En la puerta, Trevon estaba de pie, mirando dentro nerviosamente.

El guardia de seguridad era el nuevo.

También vio a Tyrone traer personalmente a Gerald y no lo detuvo.

—¡Adelante!

—Cuando llegaron a la puerta, Gerald saludó a Trevon.

—¿Gerald?

—En ese momento, una hermosa mujer corrió desde la puerta.

Pasó su tarjeta por la puerta y miró a Gerald con desdén.

La persona que vino fue Vivian.

—¿Qué haces aquí?

¿No te han despedido?

—Mientras hablaba, volvió a fulminarle con la mirada.

—La persona que me despidió fue despedida.

Me volvieron a llamar —dice Gerald con una sonrisa.

—Humph, ¿cómo puedes estar tan orgulloso de ser guardia de seguridad?

¿Puedes ganar 800 dólares al mes?

Un bueno para nada —le regañó Vivian.

En la sala de seguridad, ¡el guardia de seguridad de la puerta quería maldecir!

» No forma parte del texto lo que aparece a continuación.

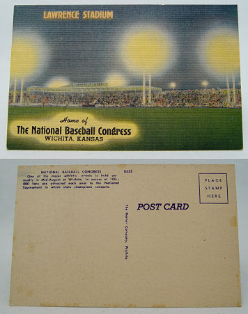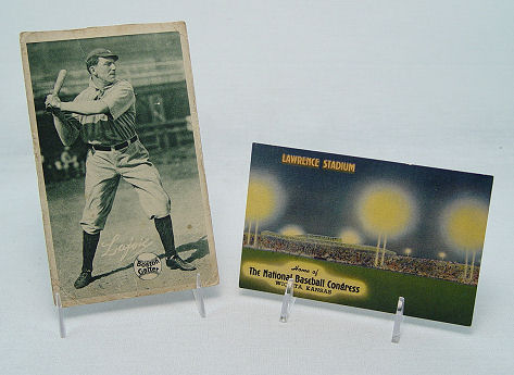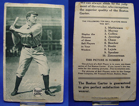 BOSTON GARTER ADVERTISING CARD OF NAPOLEON LAJOIE: 1914 baseball card measures 6 1/4'' x 3 5/8'', #8 in a series of 10 provided with every dozen Boston Garters ordered. Sold with a Lawerence Stadium Home of The National Baseball Congress Wichita, Kansas postcard.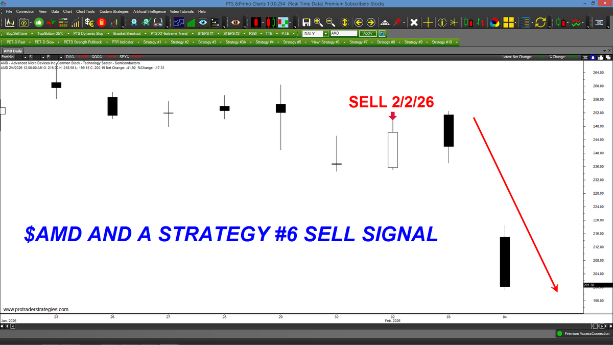 THE PRICE OF $AMD HAS DROPPED -45 PTS SINCE STRATEGY #6 GENERATED A SELL SIGNAL 2 DAYS AGO. This method was designed for short-term traders with signals usually lasting only 1-5 days. Strategy #6 is only found at http://ProTraderStrategies.com (All signals for student education only)

—¿Viste el Timeline de mi prima ayer?

Adriel lo llevó a la fiesta de los ricos más importantes de Los Ángeles en el hotel Marriott.

Tú ni siquiera puedes permitirte ir a disfrutar de la comida una vez al mes con tu sueldo —dijo Vivian mirando a Gerald con desdén—.

Por supuesto, seguro que te dio de baja de su lista de amigos hace mucho tiempo.

Seguro que no lo sabes.

Gerald la miró y se sintió un poco raro.

—Date prisa y quítate de en medio.

Qué mala suerte tengo de verte.

Anteayer, me tropecé contigo y mi coche se averió.

Ayer, mi líder se despidió cuando te conocí.

Ahora no puedo ni dormir por la mañana por tu culpa.

Eres un gafe.

Te mereces ser abandonado por mi prima.

Viendo su vida actual, hasta yo siento envidia —dijo Vivian.

Empujó a Gerald y entró en el edificio.

Mirándola de espaldas, Gerald se rio en su fuero interno y pensó «hoy debes de tener muy mala suerte, sobre todo viendo mi foto y mi posición allí».